You know, we know that institutionalization, which  is when someone moves from home to a nursing home or a higher level of care, varies from person to  person. You have a patient who happens to live next door to his daughter who's a nurse and his  son’s an EMT and they've been in the neighborhood for 50 years and know everyone – that person might  be able to stay in their home longer than somebody

who maybe is new to their surroundings or doesn't  have as many children nearby. It's not just the fact of the drug on the person that's going  to determine if someone moves to higher level care but if the drug can help keep that person in their  home setting then that's valuable to patients, families, and economics as well, the cost  of providing care for people with dementia.

Chin

Well and you're leading me to my  next question, which is that the study did look at other things such as well-being and  quality of life. What did they find, Cindy?

Carlsson

Yeah, so they found that quality of  life did seem to improve. Another thing which influences the care of the person with dementia  is the care of the caregiver, so the person who's caring for that person. If they feel less stressed  because the person's doing better. They're thinking better and able to engage in their own  cares better. Maybe they're sleeping better. So if the medicine helps with some of those aspects  then the caregiver may be sleeping better

and functioning better, so their what we call  caregiver burden is less. They did some measures on a Zarit Caregiver Inventory Scale that looks  at some of those factors. That seemed to improve as well, so a lot of different factors moving  in the right direction, which is encouraging.

Chin

Sterling, can you tell our  audience what subgroup analyses are, just in general, and then  why they're done in a study?

Johnson

Yeah, subgroup analysis is  when you just look at a subset of people who are on the treatment or the placebo. You  look at those individuals to see if there was a difference there. An example would be looking at older people versus younger people  in the trial or men versus women.

Chin

Well, you kind of took my thunder  with this question though, Sterling, because the reason I'm bringing it up is that  in the news people are commenting that lecanemab may be more effective in older people versus  younger people and in men versus women. From your scientific perspective, should we  be looking at this cautiously and why?

Johnson

Well, these subgroups are really  important for raising questions for further study. We have a habit in our field of  looking at subgroups because we've had, what, two decades of negative trials. We've  squinted at these little subgroups of certain demographics to see if there was any glimmer of  hope in any of these subgroups. That's kind of been our habit as a field to try to learn from  these failed trials over the years to see what

the next trial might look like. In this case, the  study was not really – they didn't plan on these things ahead of time. They – these studies  are after the fact and so there's not enough

statistical firepower, if you will, to really  have confidence in any of these subgroups.
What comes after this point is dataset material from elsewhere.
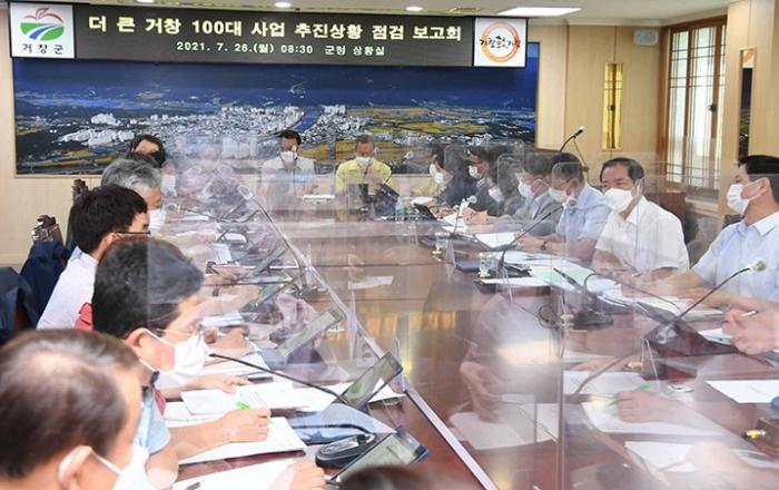 거창군, 더 큰 거창을 향한 100대 사업 추진상황 보고회 가져거창군은 26일 구인모 군수 주재로 군청 상황실에서 간부공무원이 참석한 가운데 더 큰 거창 100대 사업 추진상황 점검보고회를 개최했다.이번 보고회는 ‘더 큰 거창, 군민 행복시대’의 군정 비전 실현이라는
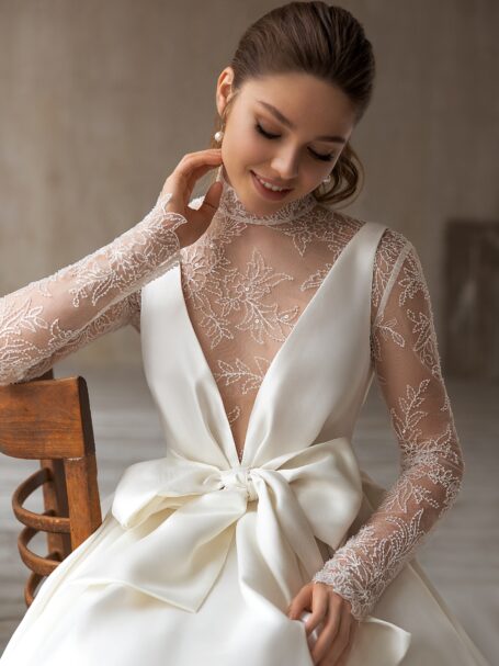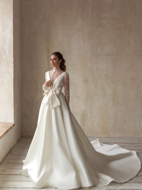 Класична сукня силуету “A-line” з величезною спідницею, що переходить в фантастичний шлейф. Сукня з широкими бретелями виготовлена зі сяючого атласу. Верхню частину прикрашають V-подібний глибокий виріз і спокусливий виріз на спинці сукні. Розкішна вільна спідниця виглядає фантастично. Загальний образ можна доповнити болеро, виготовленим з блискучих кристалів і намистин, які утворюють геометричний малюнок.

What they do is, as I said before, they just raise  questions for the next study where we might want to look at men versus women with more intention  on that in the future or older versus younger subjects with more intention of balancing those  groups and really having a proper study on age. That's a question that we can now ask  and maybe the next study will answer it.

Chin

So instead of conclusions, these things  should raise more important scientific questions.

Johnson

Yes, yeah.

Chin

So Cindy, you talked about risk benefit, cost-benefit. I'd like to talk a little  bit about safety of the medication, particularly ARIA. I did go into some ARIA in my  introduction episode from January 17, but I want to hear from you with a little bit more data that  you have. How did lecanemab do in this regard?

Carlsson

Right. So again, people have raised the  questions, rightly so, as that lecanemab does have side effects, and some of them are very serious.  Again, having good conversations about the side effects is really important for clinicians  with the patients. That's going to go into the decision-making. ARIA are these amyloid-related  imaging abnormalities that you've talked about before. There’s two types. There's one that's  called hemorrhagic versus edema, so you have

the -H versus -E. Hemorrhagic is more of the  microhemorrhages, so tiny mini bleeds, and then the edema is just little bits of swelling in the  brain. Calling them the eye of the ARIA means that they are imaging. These are things that we see on  the brain's scan. Not all of them does the person with these changes experience any symptoms of  those. Again, we have to distinguish between what are we just seeing as kind of incidental findings  on brain scans versus what are causing symptoms in

the person that's going to affect their day-to-day  life. With ARIA, they broke it down into the edema and the hemorrhage, or the microhemorrhages,  the mini bleeds. What they found was that about 12.6 percent of people in the treatment group  compared to 1.7 percent in the placebo group, or the ones without active medication, had  the ARIA that had little edema with it,

so the ARIA-E. Again, a very small percentage  of those had symptoms so it was only 2.8 percent of those who were on the treatment had ARIA-E  with symptoms and none of the participants on placebo did. Again, it's not very common unless  you have the medication. The hemorrhagic findings, about 17 percent of people who are on the  treatment had the ARIA-H and about 9 percent in the placebo group had the ARIA-H so just to  know that the amyloid itself in the blood vessels

can lead to little microbleeds. Just having the  disease in and of itself can lead to microbleeds, so that's why we're seeing some of these changes  in a placebo group as well as a treatment group but a higher percentage in the treatment groups.  Again many of these were not symptomatic either. If you look down at the symptomatic – the people  who were symptomatic of the microbleeds. It was extremely small, like .7 percent in the  treatment group and like almost .2 percent

in the placebo group. A lot of these factors  have to be taken into context for, you know, did they have edema – the ARIA-E – with them or  ARIA-H? Were they just on the scan? Did the person have any symptoms with that? Kind of teasing  apart a lot of those factors. The other thing that influences it is that people who have a genetic  risk called apolipoprotein E epsilon 4 or ApoE 4, something that increases our risk but doesn't  necessarily mean for sure we'll get dementia.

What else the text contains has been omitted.